[
Home
]
[ Index:
by date
|
by threads
]
[ Message by date: previous | next ] [ Message in thread: previous | next ] [ Thread: previous | next ]
[ Message by date: previous | next ] [ Message in thread: previous | next ] [ Thread: previous | next ]
| Date: | -- (:) |
| From: | David Allsopp <dra-news@m...> |
| Subject: | Yet another yacc question |
Suppose I have the context-free grammar
P -> A | A B | A B C | A C
In ocamlyacc, I code this up as:
%token A B C
%type <unit> parse
%start parse
%%
parse:
A {()}
| A B {()}
| A B C {()}
| A C {()}
;
And set-up a lexer (called lexer) so that the characters 'A', 'B' and 'C'
produce the tokens A, B and C. Then I write the following function:
let f s = parse lexer (Lexing.from_string s)
And use it a few times...
f "ABCZ" ... gives ()
f "ACZ" ... gives ()
f "AA" ... raises Parsing.Parse_error
The third case fails because "AA" is not in the grammar. However, the first
two work even though "ABCZ" and "ACZ" are also not in the grammar (and Z
isn't even a token!). They work because ocamlyacc doesn't need look-ahead
after the "C" in each case to determine that it can reduce to the entry
non-terminal and so return (). In the third case, look-ahead is required -
it looks ahead, sees an A and so fails.
I would quite like the third to match as well and ignore the second A
(ignore and leave on the buffer ready for a future parse... so "peek-ahead"

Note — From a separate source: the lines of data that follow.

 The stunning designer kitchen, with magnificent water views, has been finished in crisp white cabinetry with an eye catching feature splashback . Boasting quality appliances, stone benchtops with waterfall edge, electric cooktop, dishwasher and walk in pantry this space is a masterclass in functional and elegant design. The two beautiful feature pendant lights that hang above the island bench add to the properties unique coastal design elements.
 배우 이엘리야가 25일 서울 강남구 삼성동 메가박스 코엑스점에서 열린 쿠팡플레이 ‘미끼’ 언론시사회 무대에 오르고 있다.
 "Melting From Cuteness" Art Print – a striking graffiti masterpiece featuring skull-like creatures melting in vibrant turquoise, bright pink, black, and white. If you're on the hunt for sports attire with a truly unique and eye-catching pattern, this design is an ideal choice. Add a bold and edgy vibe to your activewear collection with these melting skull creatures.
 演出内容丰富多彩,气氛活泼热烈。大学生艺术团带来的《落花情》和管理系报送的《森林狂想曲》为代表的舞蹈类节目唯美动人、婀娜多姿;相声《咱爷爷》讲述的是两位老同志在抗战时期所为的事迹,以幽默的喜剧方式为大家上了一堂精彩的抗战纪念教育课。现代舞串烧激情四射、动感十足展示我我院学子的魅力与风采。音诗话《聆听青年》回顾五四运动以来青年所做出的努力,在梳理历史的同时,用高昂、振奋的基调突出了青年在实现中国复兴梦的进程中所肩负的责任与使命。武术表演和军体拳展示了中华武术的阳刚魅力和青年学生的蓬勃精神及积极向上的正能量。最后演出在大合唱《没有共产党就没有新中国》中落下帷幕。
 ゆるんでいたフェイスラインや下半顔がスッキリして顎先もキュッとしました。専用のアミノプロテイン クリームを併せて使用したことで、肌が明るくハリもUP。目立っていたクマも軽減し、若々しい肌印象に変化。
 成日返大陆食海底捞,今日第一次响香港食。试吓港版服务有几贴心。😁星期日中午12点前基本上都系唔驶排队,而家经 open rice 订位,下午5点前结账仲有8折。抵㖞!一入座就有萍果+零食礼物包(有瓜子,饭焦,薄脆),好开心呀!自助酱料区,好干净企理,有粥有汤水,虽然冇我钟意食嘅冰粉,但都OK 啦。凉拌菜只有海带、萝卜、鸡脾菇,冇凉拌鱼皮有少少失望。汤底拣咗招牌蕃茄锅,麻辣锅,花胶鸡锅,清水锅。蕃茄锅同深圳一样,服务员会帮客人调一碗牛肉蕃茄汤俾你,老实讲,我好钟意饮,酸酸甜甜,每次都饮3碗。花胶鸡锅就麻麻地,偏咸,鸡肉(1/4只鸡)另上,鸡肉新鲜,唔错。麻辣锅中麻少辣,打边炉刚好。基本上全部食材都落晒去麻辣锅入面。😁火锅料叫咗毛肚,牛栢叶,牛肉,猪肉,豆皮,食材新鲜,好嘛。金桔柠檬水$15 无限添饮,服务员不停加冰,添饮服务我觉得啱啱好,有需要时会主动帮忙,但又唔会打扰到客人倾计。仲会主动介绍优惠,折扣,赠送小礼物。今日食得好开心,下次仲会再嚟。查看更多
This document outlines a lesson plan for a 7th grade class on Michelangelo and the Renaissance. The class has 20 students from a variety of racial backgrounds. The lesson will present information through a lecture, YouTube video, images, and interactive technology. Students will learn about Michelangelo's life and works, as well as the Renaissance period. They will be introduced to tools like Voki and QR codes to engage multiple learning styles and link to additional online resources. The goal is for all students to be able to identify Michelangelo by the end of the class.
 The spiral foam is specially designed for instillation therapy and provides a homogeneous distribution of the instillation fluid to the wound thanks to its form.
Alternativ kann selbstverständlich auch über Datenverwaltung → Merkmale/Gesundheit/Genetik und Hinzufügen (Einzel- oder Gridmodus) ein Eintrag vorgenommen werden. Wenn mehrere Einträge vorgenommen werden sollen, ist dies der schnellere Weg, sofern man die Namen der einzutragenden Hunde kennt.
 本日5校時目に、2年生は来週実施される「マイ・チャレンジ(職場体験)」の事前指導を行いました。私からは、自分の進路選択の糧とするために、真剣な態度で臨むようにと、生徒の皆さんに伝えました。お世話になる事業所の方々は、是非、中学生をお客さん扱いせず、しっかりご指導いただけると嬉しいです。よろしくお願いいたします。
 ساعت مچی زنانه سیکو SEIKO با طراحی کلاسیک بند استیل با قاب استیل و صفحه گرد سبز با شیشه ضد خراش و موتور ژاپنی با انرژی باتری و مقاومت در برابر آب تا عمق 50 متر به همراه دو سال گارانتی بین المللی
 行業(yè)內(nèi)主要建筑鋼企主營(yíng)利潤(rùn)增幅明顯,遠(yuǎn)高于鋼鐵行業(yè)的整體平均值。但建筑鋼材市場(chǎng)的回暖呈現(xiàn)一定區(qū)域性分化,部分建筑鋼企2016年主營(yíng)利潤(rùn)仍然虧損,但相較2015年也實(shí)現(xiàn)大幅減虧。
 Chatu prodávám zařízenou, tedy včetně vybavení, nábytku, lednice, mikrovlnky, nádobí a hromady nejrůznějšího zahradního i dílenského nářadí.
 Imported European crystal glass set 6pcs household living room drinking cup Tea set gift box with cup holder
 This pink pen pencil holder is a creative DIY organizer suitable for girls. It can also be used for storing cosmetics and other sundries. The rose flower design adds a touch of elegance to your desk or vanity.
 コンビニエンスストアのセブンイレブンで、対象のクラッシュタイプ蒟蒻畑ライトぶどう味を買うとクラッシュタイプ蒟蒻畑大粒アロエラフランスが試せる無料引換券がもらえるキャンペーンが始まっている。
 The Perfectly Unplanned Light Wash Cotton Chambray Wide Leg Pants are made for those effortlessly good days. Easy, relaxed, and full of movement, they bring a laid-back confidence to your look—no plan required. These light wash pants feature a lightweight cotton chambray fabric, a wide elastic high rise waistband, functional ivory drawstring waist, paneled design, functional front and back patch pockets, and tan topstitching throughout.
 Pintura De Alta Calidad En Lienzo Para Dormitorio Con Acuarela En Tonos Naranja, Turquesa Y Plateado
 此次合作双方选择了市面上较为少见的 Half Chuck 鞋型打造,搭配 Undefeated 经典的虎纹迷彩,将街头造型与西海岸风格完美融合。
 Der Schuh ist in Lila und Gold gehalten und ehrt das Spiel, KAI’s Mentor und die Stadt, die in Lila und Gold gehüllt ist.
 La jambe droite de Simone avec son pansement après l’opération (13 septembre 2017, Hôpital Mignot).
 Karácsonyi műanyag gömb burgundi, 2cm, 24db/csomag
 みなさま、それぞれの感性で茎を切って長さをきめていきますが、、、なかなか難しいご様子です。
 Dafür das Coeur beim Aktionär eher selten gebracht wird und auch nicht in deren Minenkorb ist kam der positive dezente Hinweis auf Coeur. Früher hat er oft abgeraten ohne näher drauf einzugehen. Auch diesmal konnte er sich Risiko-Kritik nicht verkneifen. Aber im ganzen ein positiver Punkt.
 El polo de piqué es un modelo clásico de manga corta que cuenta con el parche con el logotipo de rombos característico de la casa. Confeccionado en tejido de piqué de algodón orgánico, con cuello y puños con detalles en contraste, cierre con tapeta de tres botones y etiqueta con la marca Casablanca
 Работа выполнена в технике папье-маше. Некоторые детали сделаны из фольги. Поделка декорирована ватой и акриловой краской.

rather than "look-ahead", I guess). I think I'm probably right in assuming
that ocamlyacc can't do this. I'm not willing to alter my parser to return a
list of tokens which as far as I can see is the only way to make ocamlyacc
do this correctly - i.e.
parse:
token parse {$1::$2}
| EOF {[]}
;
token:
/as for parse in the previous grammar/
(Incidentally, lest anyone have it confirmed that I'm mad, I'm trying to
parse batches of SQL statements so have no obvious terminating token for a
clause - the parser needs to do a longest possible match ignoring anything
else following that would appear to be a syntax error)
So my question: can menhir, dypgen or any of the other parser generators out
there do this - i.e. return one () on the first call and then another () on
the second with the string "AA"? It would finally be a reason for abandoning
ocamlyacc :o)
Thanks! (in hope that I haven't missed something blindingly obvious...)
David